**Collected material:**
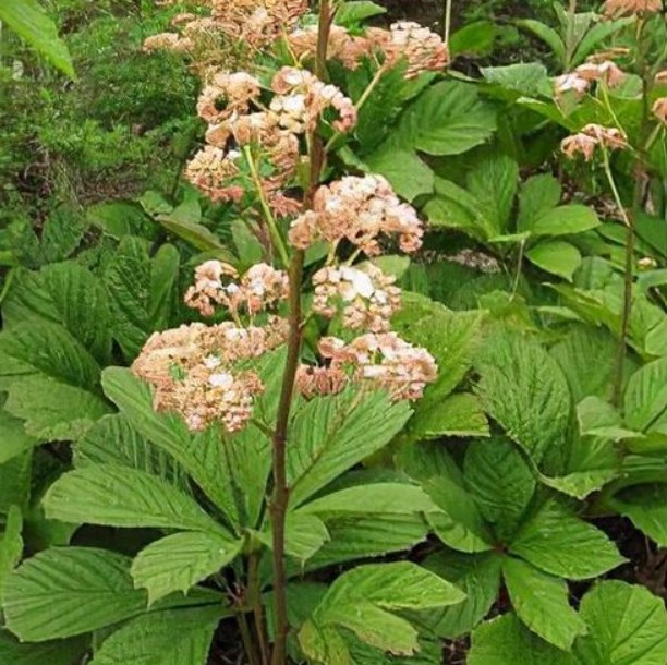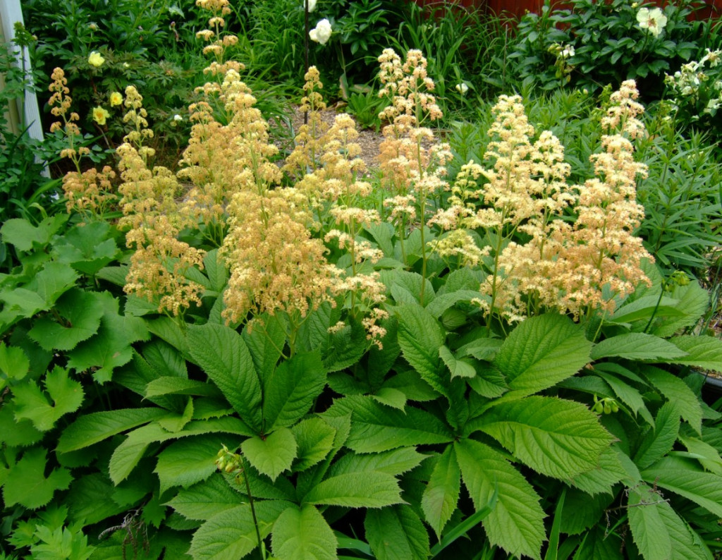 A virágzás a nyár közepén (június-júliusban) történik, amikor a masszív, gyakran vöröses árnyalatú szárakon laza, elágazó, tollas virágbugák jelennek meg, telis-tele apró, csillag alakú, krémes fehér, rózsaszín vagy mélyebb piros árnyalatú virágokkal. A virágzat hosszan díszít, és még elnyílás után is dekoratív struktúrát képez, amely télen is a növényen maradhat.
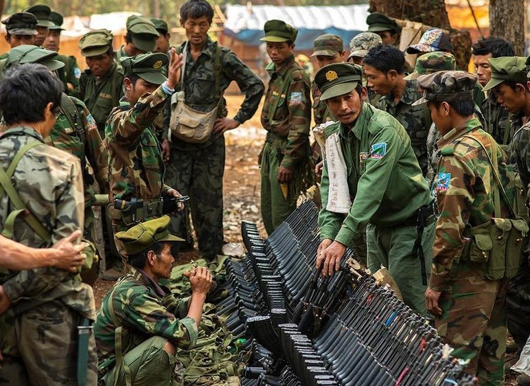 一名指挥官正在营地准备向士兵发放新的AK-47突击步枪。该反政府武装目前拥有1500名士兵,被要求在收获期间摧毁罂粟种植地。
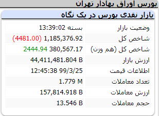 به گزارش سایت طلا ، شاخص کل بورس اوراق بهادار تهران در پایان معاملات امروز یکشنبه با کاهش 4481 واحد روبهرو شد و به رقم یک میلیون و 185 هزار و 376 واحد رسید.

**Problem statement:** Could you copy the data above exactly, leaving the pictures out?

**Answer box:**
 A virágzás a nyár közepén (június-júliusban) történik, amikor a masszív, gyakran vöröses árnyalatú szárakon laza, elágazó, tollas virágbugák jelennek meg, telis-tele apró, csillag alakú, krémes fehér, rózsaszín vagy mélyebb piros árnyalatú virágokkal. A virágzat hosszan díszít, és még elnyílás után is dekoratív struktúrát képez, amely télen is a növényen maradhat.
 一名指挥官正在营地准备向士兵发放新的AK-47突击步枪。该反政府武装目前拥有1500名士兵,被要求在收获期间摧毁罂粟种植地。
 به گزارش سایت طلا ، شاخص کل بورس اوراق بهادار تهران در پایان معاملات امروز یکشنبه با کاهش 4481 واحد روبهرو شد و به رقم یک میلیون و 185 هزار و 376 واحد رسید.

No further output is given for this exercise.